By Sandra Avant
An online tool called the “Cover Crop Chart” is helping U.S. farmers decide which cover crops to plant and is generating interest from growers in other countries.
Cover crops can help reduce soil erosion, increase organic matter, improve early weed control, and provide forage for animals. They can also benefit the public by improving water quality, air quality, and wildlife habitat.
Drought conditions in recent years have renewed many growers’ and ranchers’ interest in cover crops—which are typically grown during the off-season—to help mitigate effects of extreme weather conditions. This interest has increased the need for information on suitable crops to help growers meet their individual production and management goals.
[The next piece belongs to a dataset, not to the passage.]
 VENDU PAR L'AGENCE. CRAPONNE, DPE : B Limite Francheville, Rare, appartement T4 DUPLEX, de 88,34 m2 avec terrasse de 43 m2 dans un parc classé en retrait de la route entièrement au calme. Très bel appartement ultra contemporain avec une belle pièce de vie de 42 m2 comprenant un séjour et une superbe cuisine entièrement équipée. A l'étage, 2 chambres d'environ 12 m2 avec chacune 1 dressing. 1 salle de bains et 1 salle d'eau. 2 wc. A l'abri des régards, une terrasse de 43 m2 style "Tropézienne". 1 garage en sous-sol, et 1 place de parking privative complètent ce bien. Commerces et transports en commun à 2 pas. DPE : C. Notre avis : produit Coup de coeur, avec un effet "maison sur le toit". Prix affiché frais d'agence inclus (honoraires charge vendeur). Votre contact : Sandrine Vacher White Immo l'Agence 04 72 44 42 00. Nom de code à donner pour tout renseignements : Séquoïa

To help address these needs, researchers at the Agricultural Research Service’s Northern Great Plains Research Laboratory (NGPRL) in Mandan, North Dakota, developed the Cover Crop Chart. It is available on the NGPRL homepage (www.mandan.ars.usda.gov/) and can be downloaded for free.
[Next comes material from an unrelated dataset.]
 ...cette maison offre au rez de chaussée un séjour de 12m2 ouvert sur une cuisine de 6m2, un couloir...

“Although a lot of information is available on cover crops, it is often organized by individual crops. Unfortunately, this way of looking at cover crops falls short in showing how they could potentially complement each other in mixtures,” says NGPRL soil scientist Mark Liebig.
Patterned after the periodic table of elements, the interactive chart includes information on crop species that may be planted individually or in mixtures and gives specifics on growth cycle, relative water use, plant architecture, forage quality, pollination, and more.
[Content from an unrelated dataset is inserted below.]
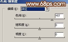 4、按ctrl + u調整色相/飽和度,參數設置如圖5,效果如圖6。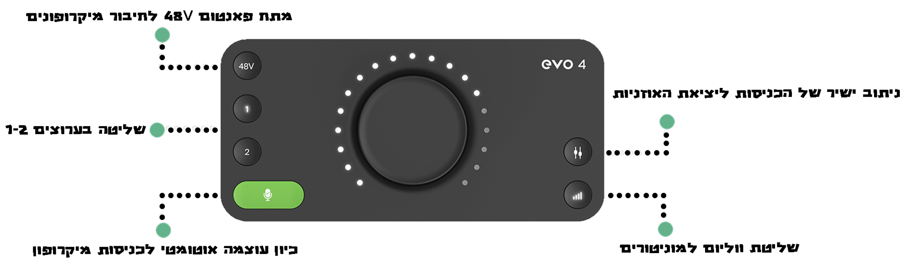 ה- EVO 4 של Audient ארוז ברכיבים ופונקציות ברמה המקצועית והגבוה ביותר עם ביצועים ואיכות ושמע שתשאיר אתכם המומים.

“In developing the chart, we realized that just as chemicals are grouped by the same electron configurations, crops could be categorized by similar attributes—cool season or warm season, grasses or broadleaf, and legumes,” Liebig says.
The chart allows growers to see the broad spectrum of potential options that may work best for them, he adds. It also includes relevant research at NGPRL, particularly on forage quality, water use, and sequencing of individual crops.
“We’re basically repackaging information into a useful visual aid—a first step for customers to learn about cover crops,” Liebig says.
In addition to U.S. customers, growers from 37 other countries have already used the chart since its initial release in 2010. Feedback from users highlighted the educational value of the chart and provided suggestions that are included in a 2015 update. The chart now includes 12 more crops for a total of 58 species, provides information on saline-tolerant grasses, and addresses the placement of crop species within a cash-crop rotation.
“Customers also suggested a downloadable application for mobile devices,” Liebig says. “We hope to be able to provide this type of access to the chart in the future.”